[Stored data entries]
_ _ _
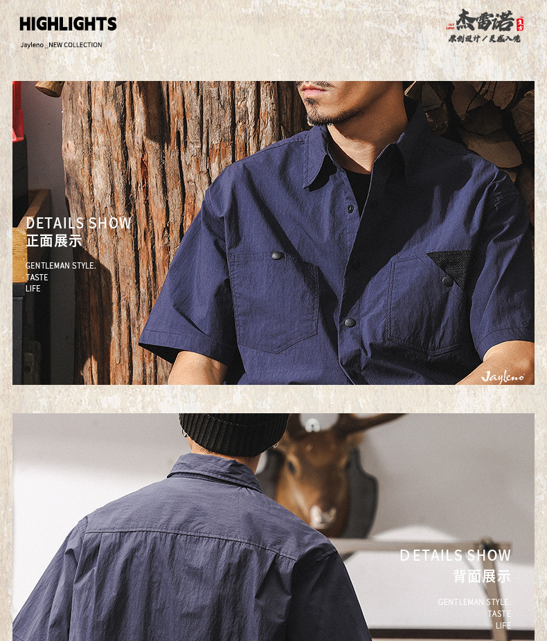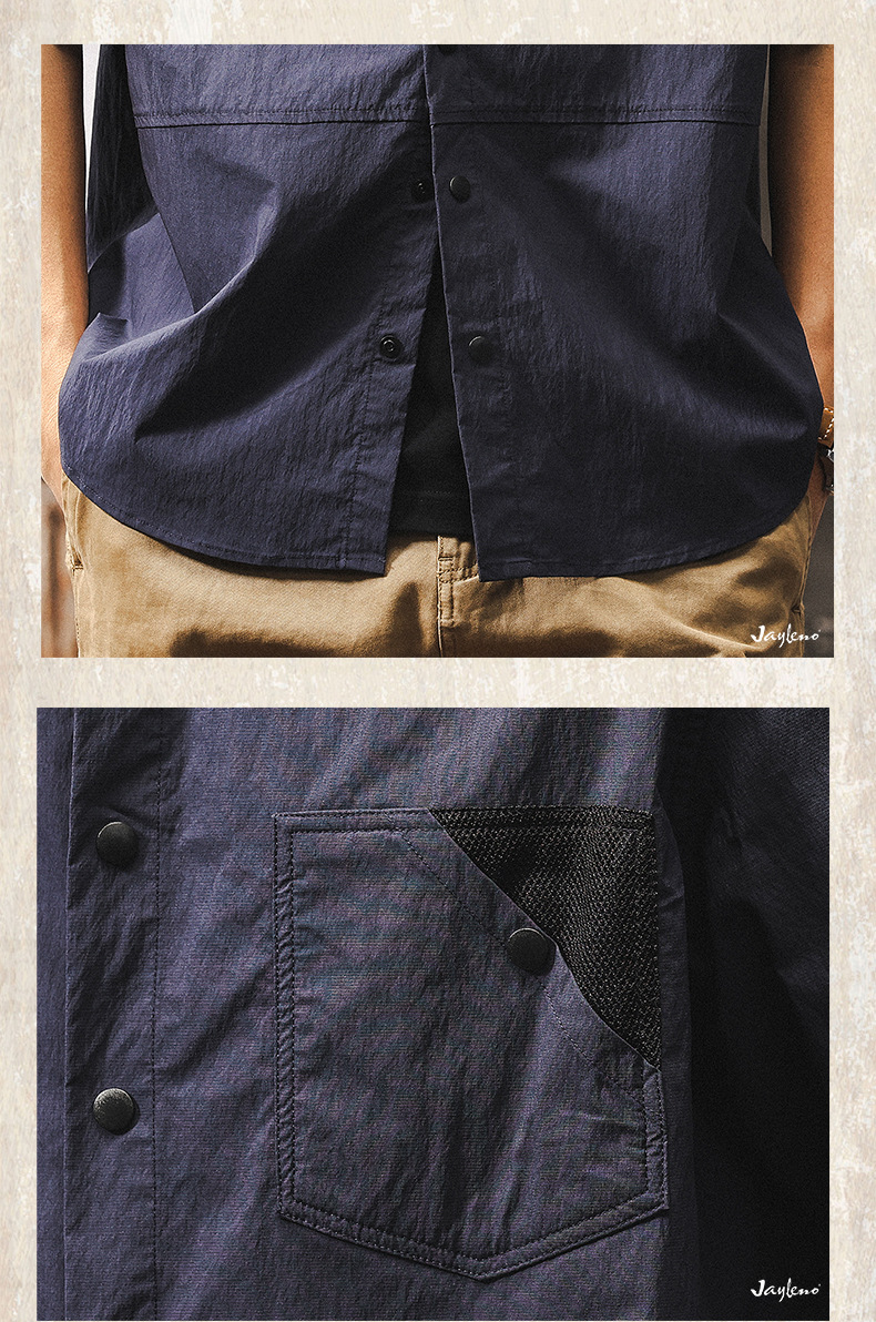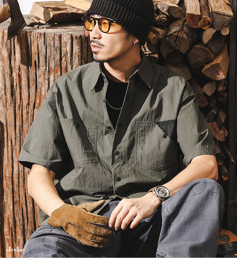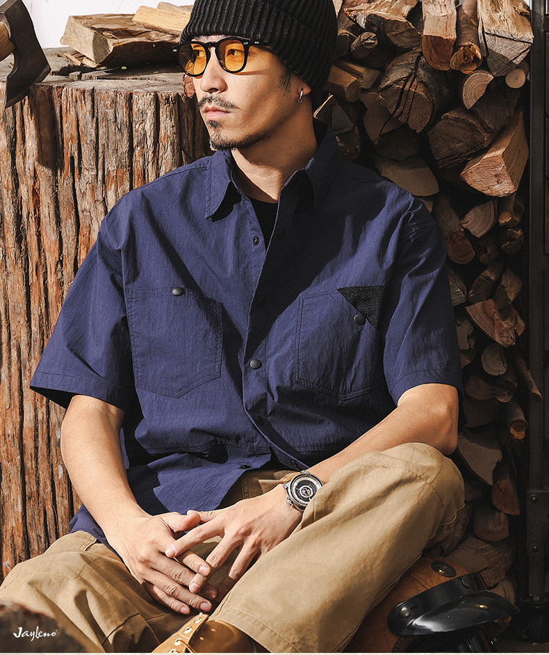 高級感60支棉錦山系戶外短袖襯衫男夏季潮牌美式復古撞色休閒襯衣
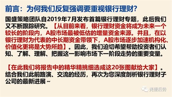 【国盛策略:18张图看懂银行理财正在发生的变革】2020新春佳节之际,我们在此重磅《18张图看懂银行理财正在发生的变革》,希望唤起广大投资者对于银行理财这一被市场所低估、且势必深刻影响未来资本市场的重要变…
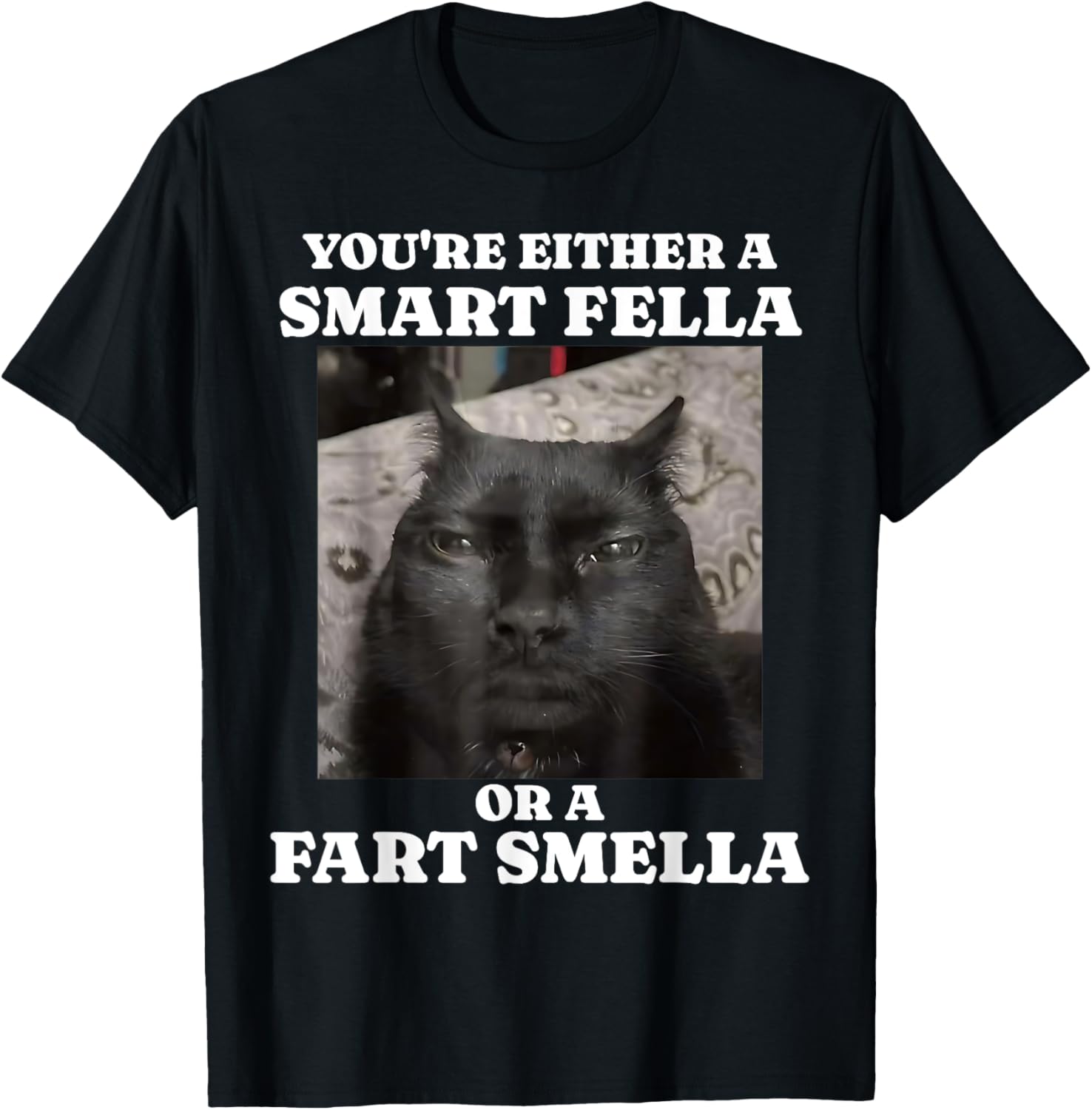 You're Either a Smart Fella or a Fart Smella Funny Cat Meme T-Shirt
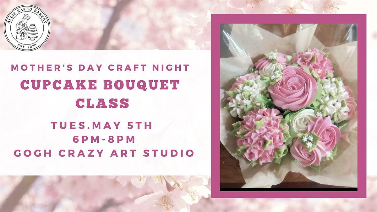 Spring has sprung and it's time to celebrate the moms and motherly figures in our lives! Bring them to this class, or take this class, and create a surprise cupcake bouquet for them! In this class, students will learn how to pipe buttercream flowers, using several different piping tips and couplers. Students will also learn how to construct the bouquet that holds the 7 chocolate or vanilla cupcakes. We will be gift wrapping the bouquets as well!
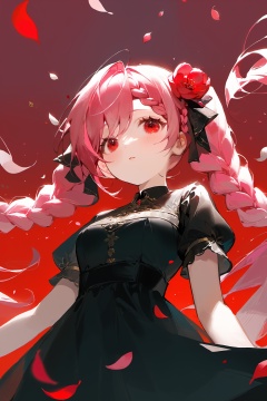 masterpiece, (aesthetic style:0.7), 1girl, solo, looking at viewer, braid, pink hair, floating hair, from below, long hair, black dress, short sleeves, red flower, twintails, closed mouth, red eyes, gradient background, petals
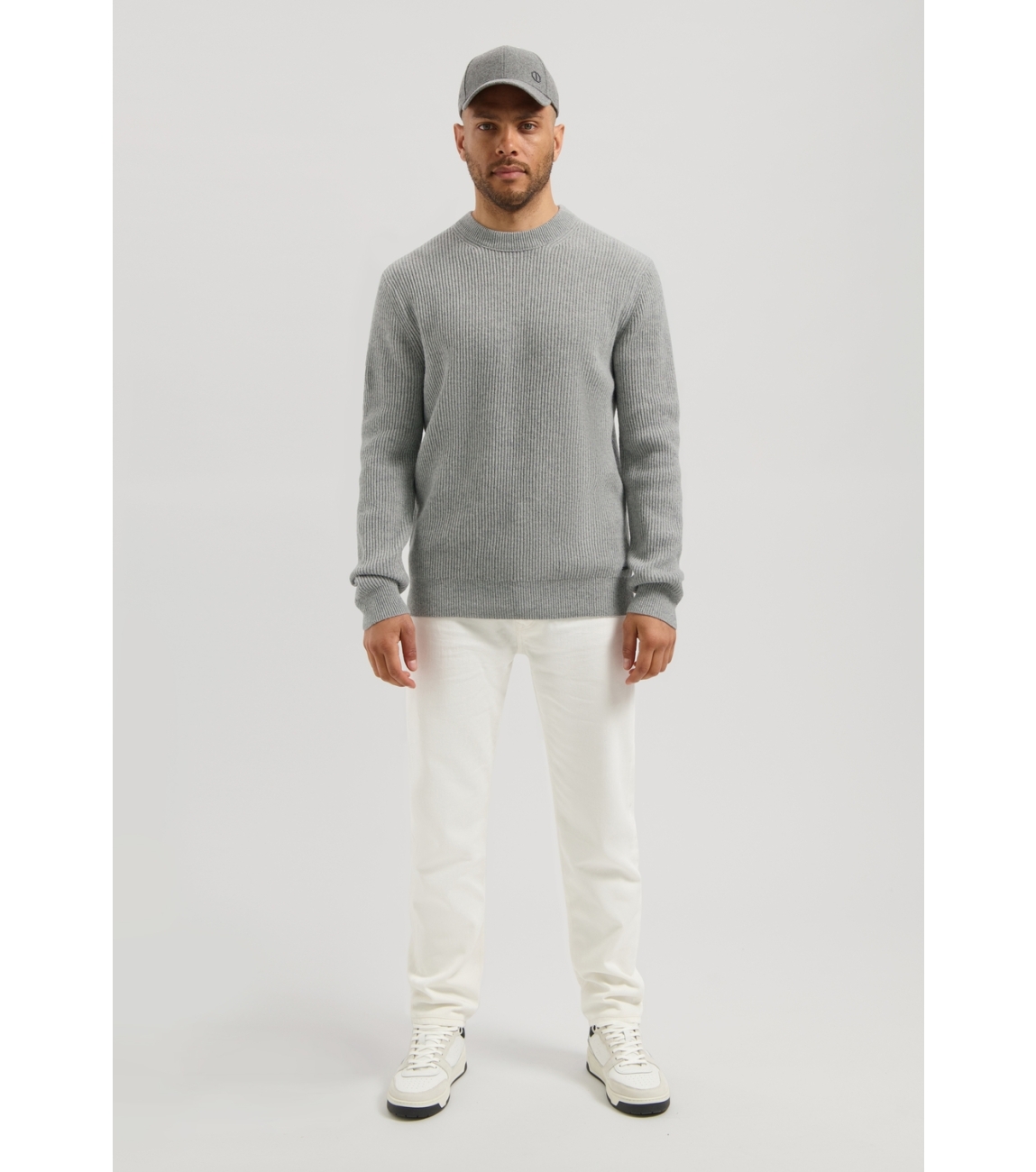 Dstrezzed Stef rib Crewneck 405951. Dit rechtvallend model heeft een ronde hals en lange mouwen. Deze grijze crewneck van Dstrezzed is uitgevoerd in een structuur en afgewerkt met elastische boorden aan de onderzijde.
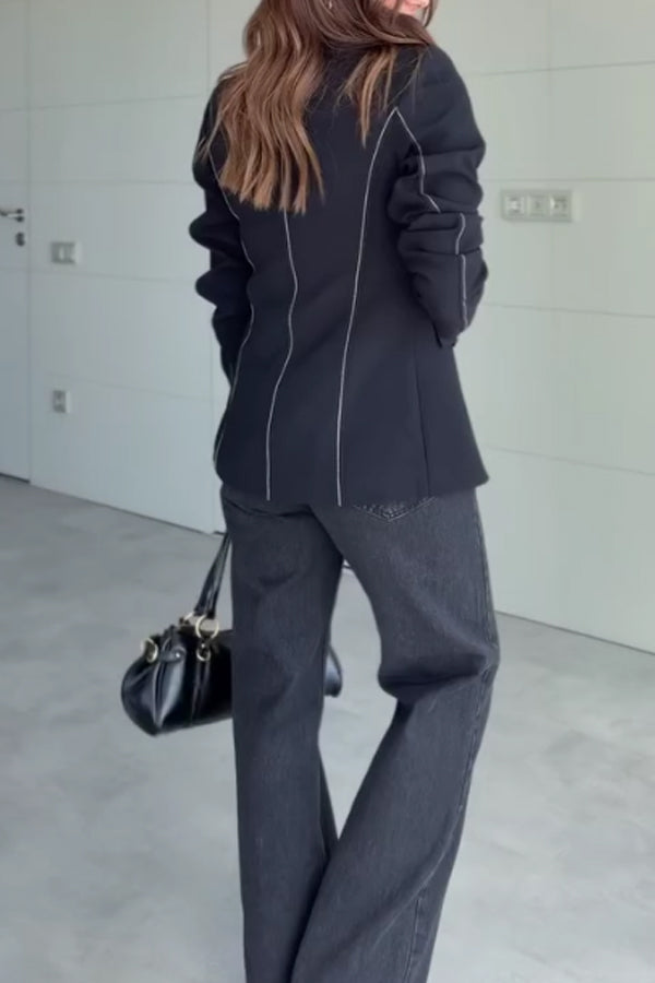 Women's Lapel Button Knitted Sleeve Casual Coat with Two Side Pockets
_ _ _
> **What this task involves**:
Write out the data above exactly, minus any images.

> **Solution to this task**:
 高級感60支棉錦山系戶外短袖襯衫男夏季潮牌美式復古撞色休閒襯衣
 【国盛策略:18张图看懂银行理财正在发生的变革】2020新春佳节之际,我们在此重磅《18张图看懂银行理财正在发生的变革》,希望唤起广大投资者对于银行理财这一被市场所低估、且势必深刻影响未来资本市场的重要变…
 You're Either a Smart Fella or a Fart Smella Funny Cat Meme T-Shirt
 Spring has sprung and it's time to celebrate the moms and motherly figures in our lives! Bring them to this class, or take this class, and create a surprise cupcake bouquet for them! In this class, students will learn how to pipe buttercream flowers, using several different piping tips and couplers. Students will also learn how to construct the bouquet that holds the 7 chocolate or vanilla cupcakes. We will be gift wrapping the bouquets as well!
 masterpiece, (aesthetic style:0.7), 1girl, solo, looking at viewer, braid, pink hair, floating hair, from below, long hair, black dress, short sleeves, red flower, twintails, closed mouth, red eyes, gradient background, petals
 Dstrezzed Stef rib Crewneck 405951. Dit rechtvallend model heeft een ronde hals en lange mouwen. Deze grijze crewneck van Dstrezzed is uitgevoerd in een structuur en afgewerkt met elastische boorden aan de onderzijde.
 Women's Lapel Button Knitted Sleeve Casual Coat with Two Side Pockets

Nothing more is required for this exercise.